Alongside this, Viking is also advancing an oral tablet formulation of VK2735 in a Phase 2 VENTURE-Oral Dosing study. Beyond VK2735, Viking is also advancing its broader metabolic pipeline, which includes a dual amylin and calcitonin receptor agonist program, with hopes to file an IND in the first quarter of 2026.

Financially, Viking remains steady for now, ending its third quarter with $715 million in cash, cash equivalents, and short-term investments.  Management expects that this strong cash balance will be sufficient to carry VK2735 through Phase 3 development and support future pipeline developments. 

Viking does not yet have any approved products on the market. Like Celldex, its stock performance is dependent on the outcome of ongoing clinical trials and eventual regulatory approval. The markets Viking is targeting — obesity, metabolic disease, and liver problems — are massive and quickly expanding, with obesity and related conditions projected to create enormous demand for effective therapies. This is perhaps why analysts are so optimistic about VKTX stock's long-term prospects.

What Does Wall Street Say About VKTX Stock?

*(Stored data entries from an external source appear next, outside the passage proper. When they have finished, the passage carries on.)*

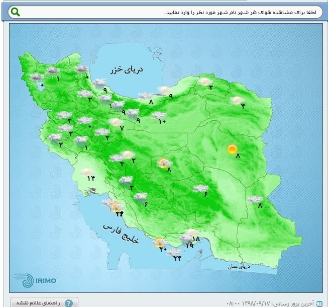 🔹گرمترین و سرد ترین نقطه ایران: با توجه به نقشه‌های هواشناسی امروز 98/9/17 گرمترین نقطه ایران شهرستان بوشهر با 23 درجه سانتی‌گراد بالای صفر و  شهرکرد با صفر درجه سانتی‌گراد سردترین نقطه کشور است.
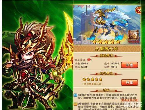 “万里腾云驹”的技能有着强力的恢复辅助能力,在对敌军造成伤害的同时,它可将伤害值的一部分转化为血量,为我方血量低的武将进行治疗。五星后可达15%的转化量,有了强大奶量的保驾护航,少年们上阵杀敌更可义无反顾。
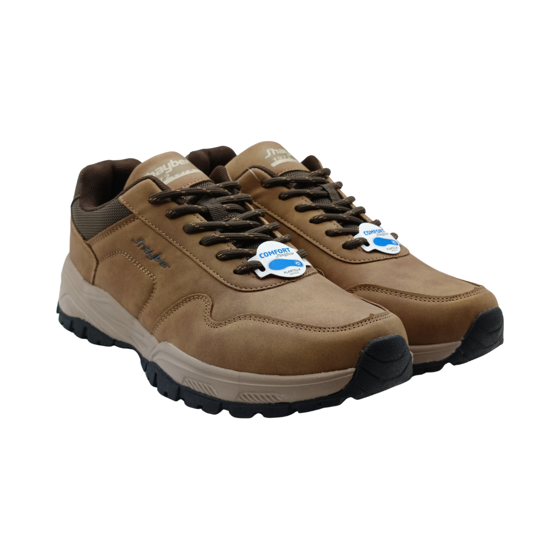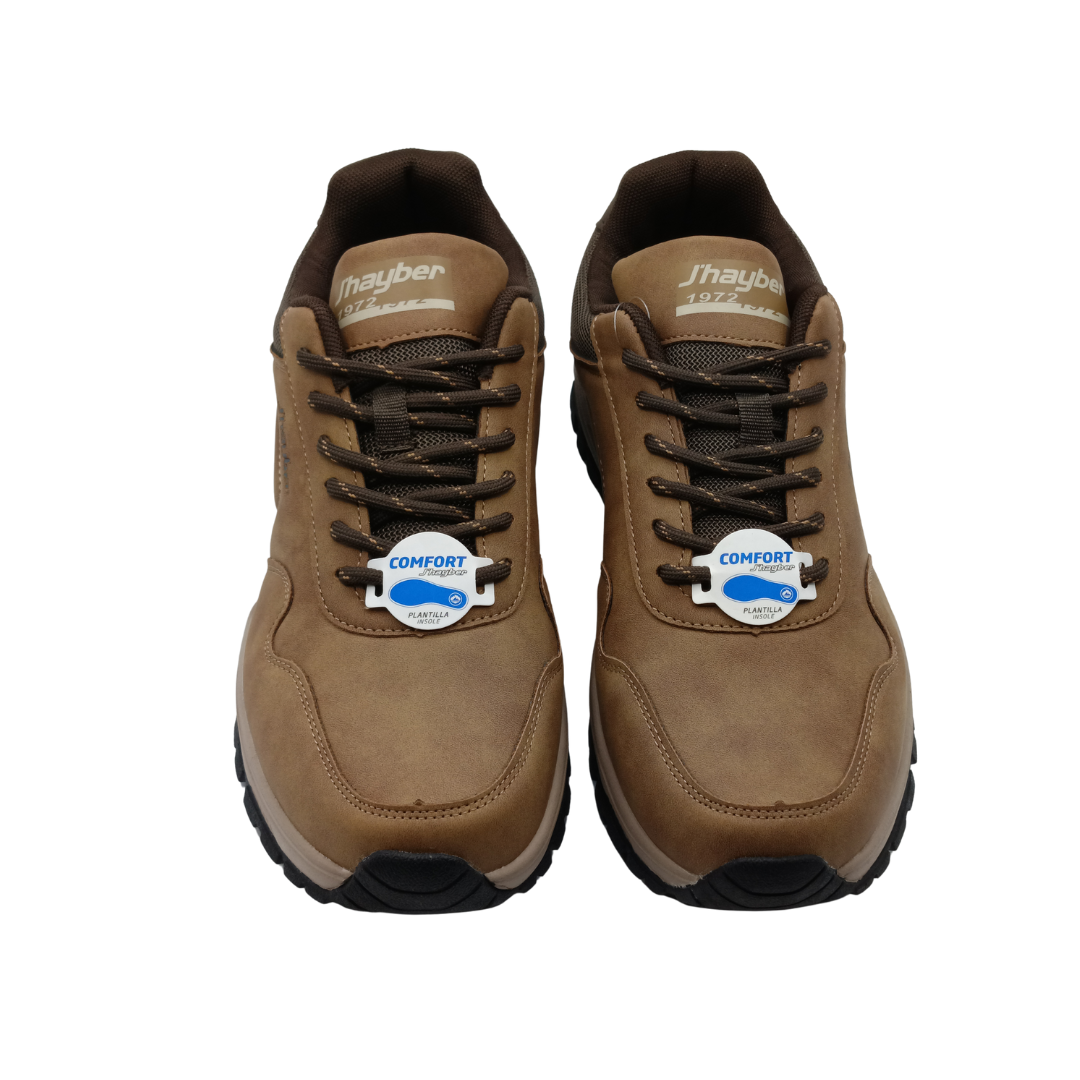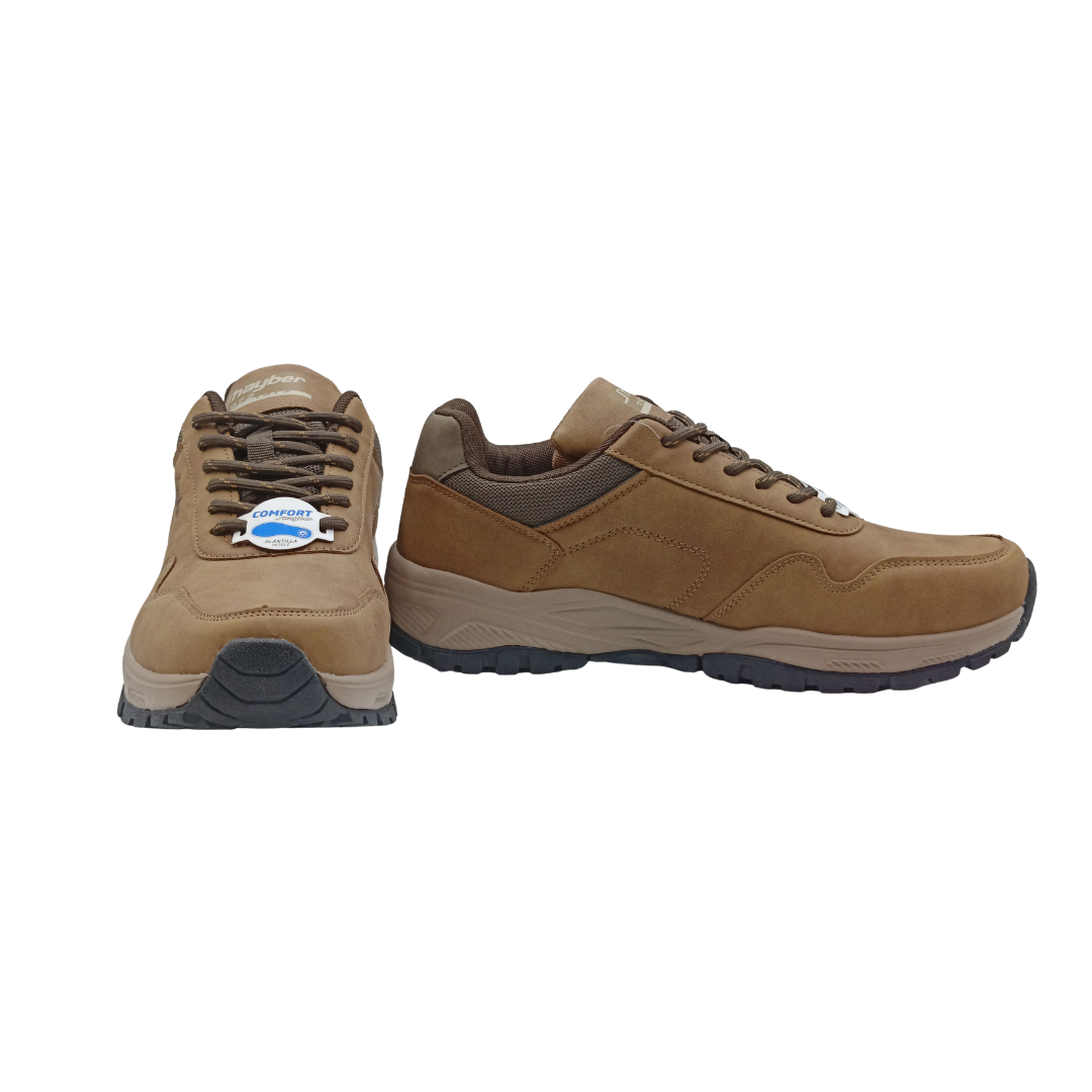 Calzado travel de hombre de color camel con suela en contraste. Su diseño combina líneas sobrias con una estructura funcional pensada para el uso diario. La plantilla Comfort Travel ofrece confort prolongado, soporte adecuado y ayuda a reducir la fatiga en caminatas o jornadas activas. Perfecto para quienes buscan un estilo discreto y versátil.

On Wall Street, overall, VKTX stock is a consensus “Strong Buy.” Out of the 18 analysts covering the stock, 16 rate it a “Strong Buy,” one rates it a “Hold,” and one says it is a “Strong Sell.” The stock is down 10% so far this year. Nonetheless, the average target price of $93.06 suggests an upside potential of 196% above current levels. The high price estimate of $125 implies 297% potential upside over the next 12 months.